As a writer and social commentator, Mallam Sanusi has borne his mind on many critical and volatile issues so much so that one can safely describe him as an open book. It is against this backdrop that I’d like to allay the fears of those who believe that the man will use his new position to take revenge on those who have crossed his path. The Mallam Sanusi I know is too decent and disciplined to take that route. To cowards and weak people, vengeance is a tool or weapon – certainly not to sterling characters like the new Emir of Kano. The People’s Democratic Party is understandably worried that the new Emir will work against its interest in Kano, but I have every reason to believe that the gentleman will steer clear of partisan politics and concentrate on his onerous duties of restoring peace and commerce in the corporate capital of the North.

I am by no means presenting the new Emir’s testimonial. The effort here is to present the portrait of the man that I know, and to urge all Nigerians to give him the benefit of the doubt and allow him settle down to the business of handling and managing the traditional, cultural and spiritual life of the people of Kano. There is always a gap between media profiling of personalities and the real persons themselves. On this note, I recall my first encounter with Alhaji Mustapha Haruna Jokolo in 2005. I had sought to interview him. With no exception, all those I had asked for their assistance to facilitate the meeting advised me against my mission. He was variously described in negative terms just to discourage me from meeting him. But the more the discouragement, the higher my anxiety to meet him. By a stroke of luck, a young man facilitated the meeting. The first five minutes with Alhaji Jokolo fitted his picture on the public canvass; but thereafter, I discovered a brave, intelligent and friendly gentleman. I spent five hours with him, and at the end of the meeting, he gave me over twenty well-sown native dresses and provided me with two vehicles and escorts to take me back to Abuja. I still hold him very dearly and still respect his courage. Like Jokolo, the new Emir of Kano may be wearing his heart on his sleeves. He is never ambivalent and hardly expresses apologies over his beliefs and views.

Instead of distracting him with malicious speculations, I’d expect all those concerned to seize the opportunity of having a man with a global outlook and exposure on the throne of Kano to build a firmer and more expansive bridge across the North-South divide. Mallam Sanusi can play a crucial role in redirecting Nigeria to the path of one indivisible and united country. Nigeria has invested too much in him to surrender him to the Kano Emirate.
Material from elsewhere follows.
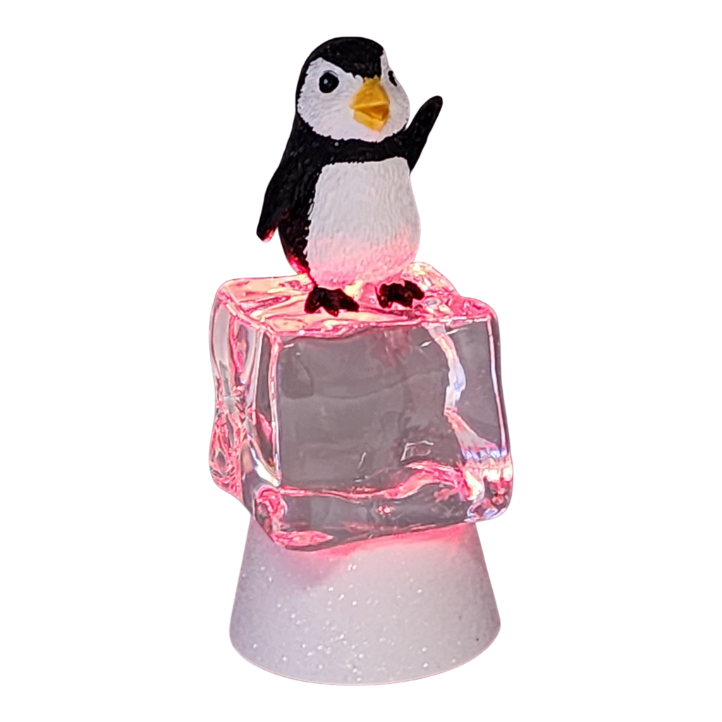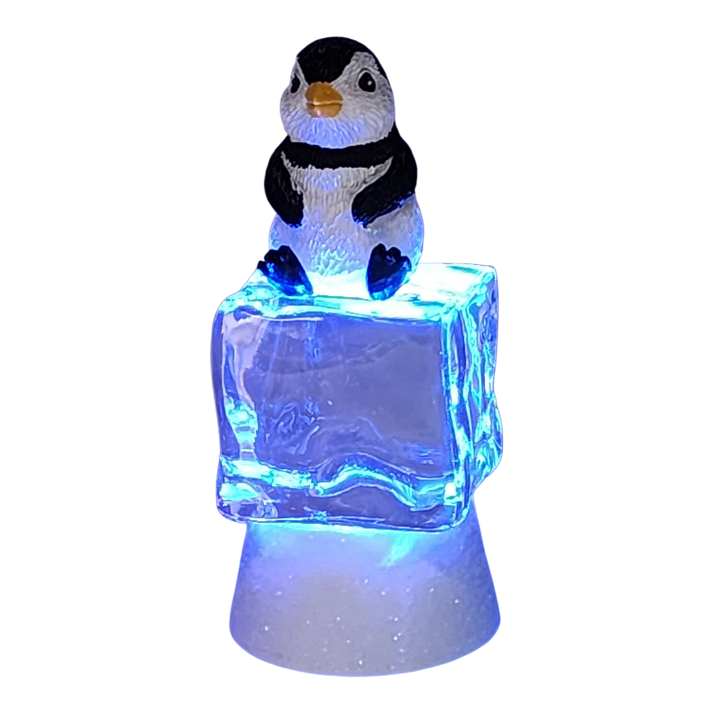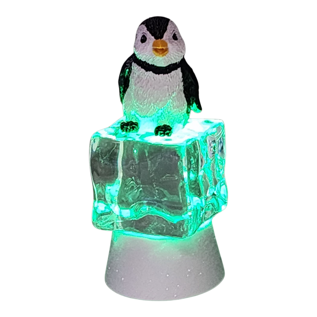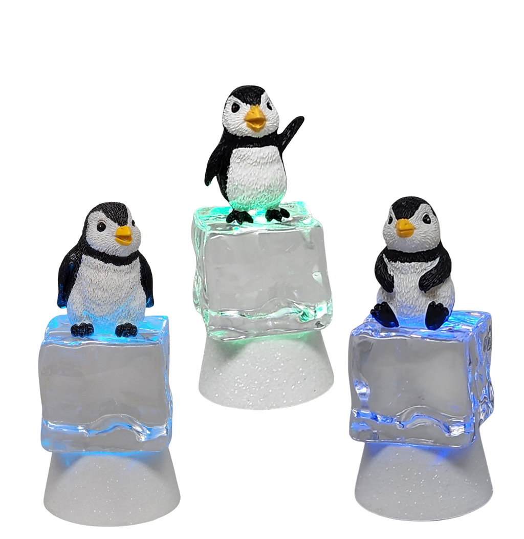 Meet the delightful trio of penguins, each perched on a shimmering ice cube that transforms colors like magic. First, there's Waddles, the lively figure who waves to all with enthusiasm, adding a playful touch to your holiday decor. Next, say hello to Pippin, the sweet and round penguin who sits cozily atop her cube, perfect for winter celebrations and making sure your space feels warm and inviting. Finally, we have Chilly, the regal penguin who stands tall and proud, bringing a sense of sophistication to any gathering, especially around New Year’s Eve as you welcome a fresh start with friends and family.

The sixth sense he acquired from managing the Central Bank of Nigeria, CBN, should be useful and vital in finding a lasting solution to the divisive nature of religion and regional politics.

Instead of striving to depoliticize the new Emir of Kano, it will serve the interests of the country if he is employed as a catalyst for social re-engineering and construction of the crucial intellectual infrastructure for the Nigeria of our dreams.